This project will explore the role of barter-exchange incentives for cooperation in wireless networks. While cooperative wireless techniques show great promise, they also assume a degree of trust and a form of "selfless" behavior that may not be realistic. Cooperating terminals will accrue benefits, but they will also incur costs (wasted battery energy being an obvious example). Over time, benefits might logically be expected to exceed costs for most participants, but in the short term there will be winners and losers, and we cannot realistically assume that enlightened self-interest will prevail.

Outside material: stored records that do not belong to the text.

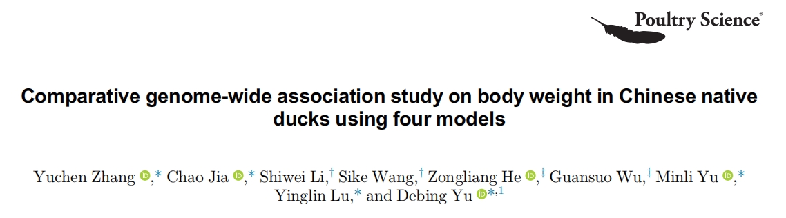 鴨子為人類消費(fèi)提供肉、蛋、羽毛等產(chǎn)品,中國是世界上最大的鴨肉消費(fèi)國。金陵白鴨做為我國優(yōu)質(zhì)的選育品種,具有優(yōu)良的生長速度和肉質(zhì)品質(zhì)。從孵化到上市的整個(gè)時(shí)期,鴨子的體重逐漸增加,這一過程由復(fù)雜的生理和生化機(jī)制調(diào)控,器官和骨骼的發(fā)育是體重增加的關(guān)鍵因素,全基因組關(guān)聯(lián)分析(GWAS)是許多牲畜和家禽物種研究生長和發(fā)育的遺傳機(jī)制的常用方法,然而,現(xiàn)有的一些關(guān)于鴨生長發(fā)育性狀的GWAS研究測序深度較低,發(fā)現(xiàn)的候選基因很少。
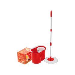 Fregona/mopa fácil de escurrir gracias a la fuerza centrífuga que deja el mocho extraseco. CONJUNTO DE FREGAR ROJO DUETT
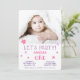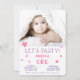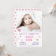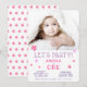 Inbjudningskort till 1-års födelsedagsfest för en babyflicka eller en babypojke. Sött fotofirst födelsedagskort. Kortet har söta rosa stjärnor på framsidan och på baksidan. Designen har ett foto - infoga ditt foto i mallen och anpassa kortet med dina detaljer. Bjud in din familj och vänner till ditt barns första födelsedagsfest.
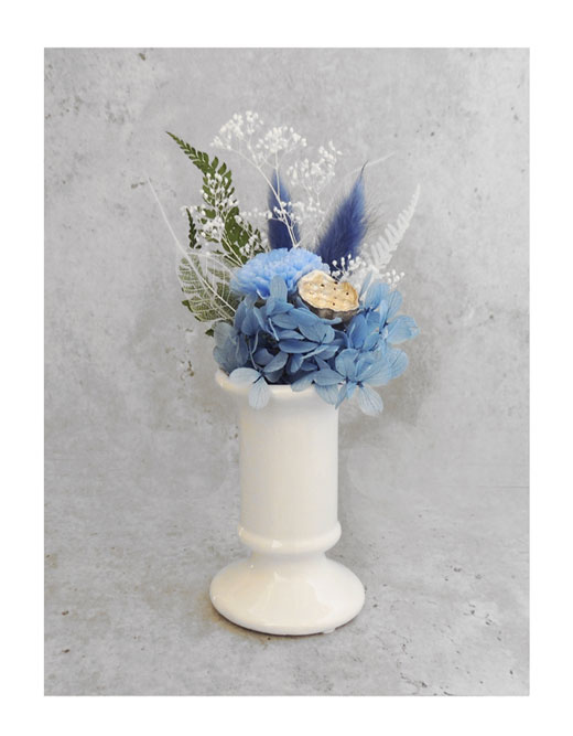 仏花・アレンジメント(お供え花)ヒチリキ・ホワイト(瑠璃)■美しいプリザーブドフラワーアレンジメント仏花■小さなアレンジメント仏花 お手入れは不要■お花と花器のセット(別包装) ■花材が変更になる場合がございます■お花の茎を折り曲げたり、詰め物で高さを調整して花器にセットしてください
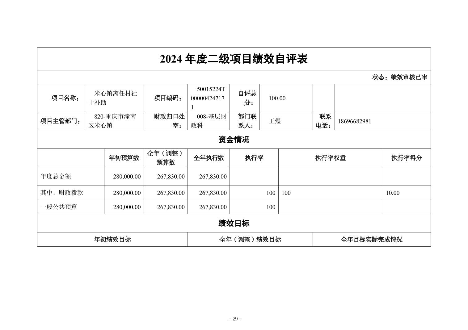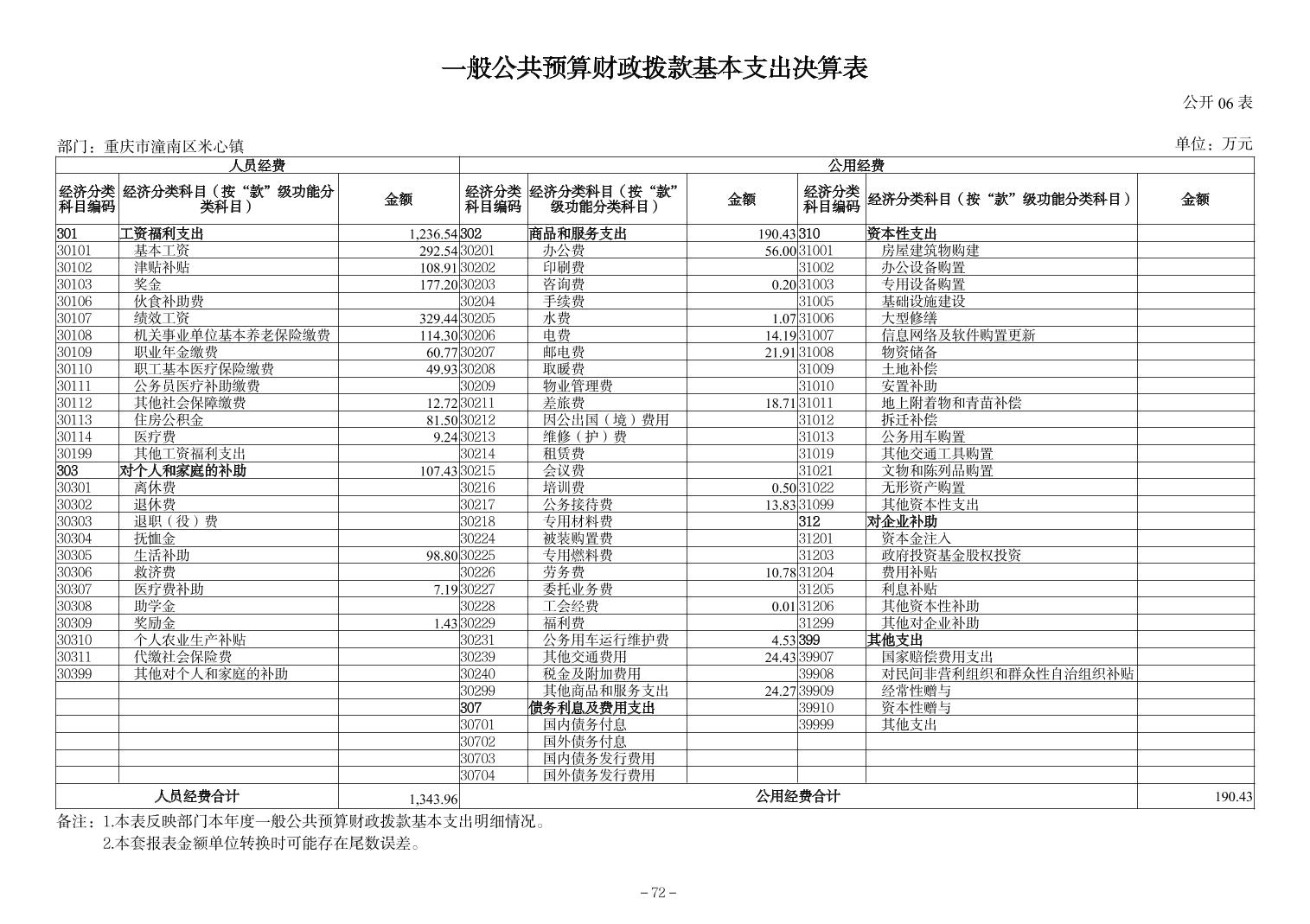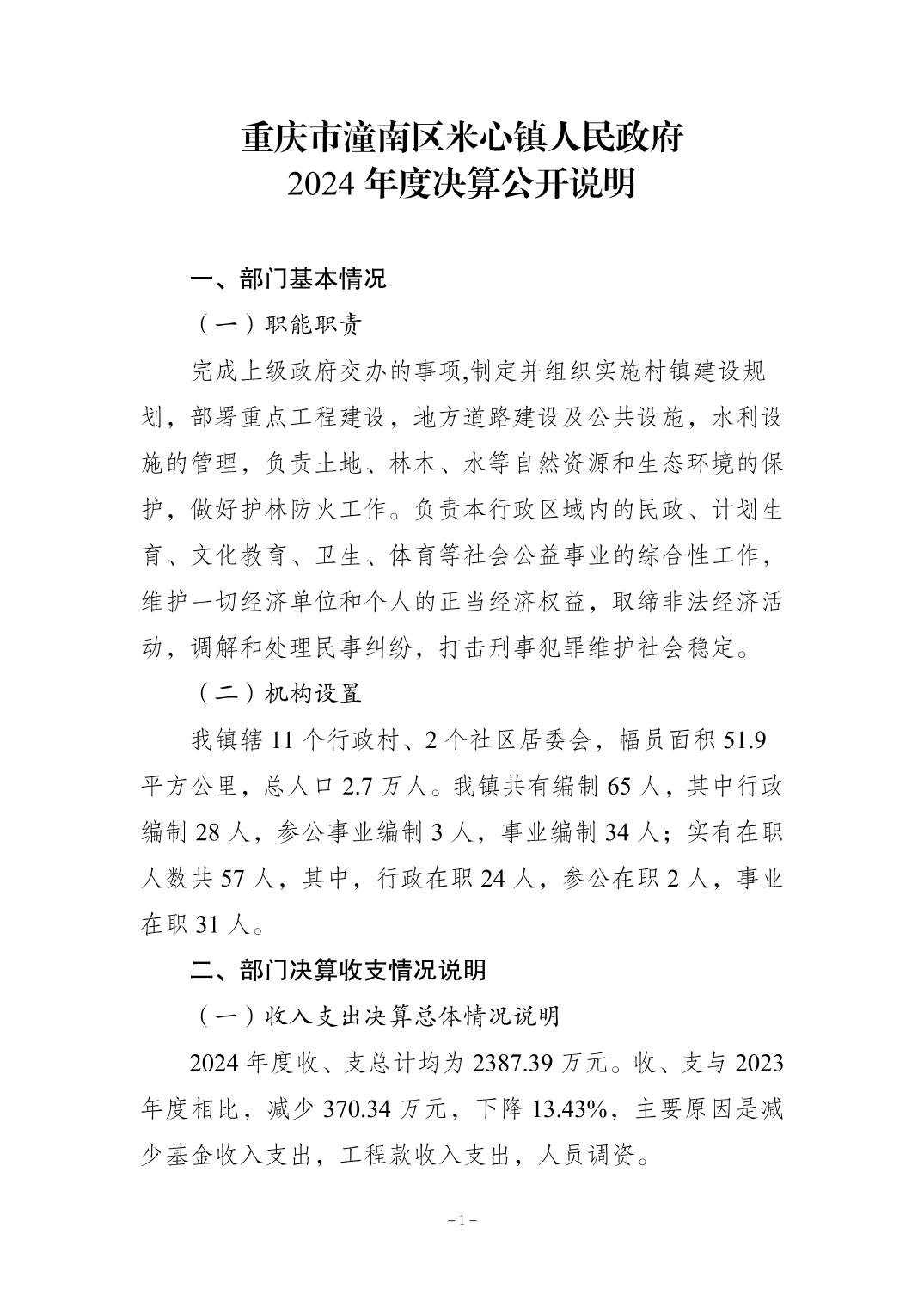 重庆市潼南区米心镇人民政府 2024 年度决算公开说明

The sizable literature on incentive mechanisms for wireless networks has emphasized abstract mechanisms in which nodes receive some form of credit for helping other nodes. These prior efforts often mimic the operation of a complex economy. In doing so, they illustrate the difficulties inherent in this approach. The efficient operation of a complex economy requires such enablers as a stable currency, a system of credit and credit-worthiness, a shared understanding of what things are worth, and a good deal of record keeping. It may be that this complexity is not warranted here, and that a simpler approach, based on the mechanisms of barter and exchange, can provide the necessary incentives for the degree of cooperation we require.
In this project, we propose to explore the roles and limitations of barter-exchange incentive mechanisms for wireless networks. The specific research tasks include mechanisms for inducing cooperation between nodes by exchange of bandwidth, network connectivity, and content.
The barter-exchange mechanisms proposed here provide a means to compensate terminals for temporal inequities in benefits and costs. Further, they also provide a mechanism by which cognitive radios can organize themselves into networks and/or operate efficiently in shared spectrums. The research proposed here is of great relevance to the anticipated deployment of cognitive radio networks including those planned for the wireless subnets of the GENI facility. The proposed educational supplement to the research activities here will also train graduate students in cooperative communications, an area of emerging interest in wireless data communications.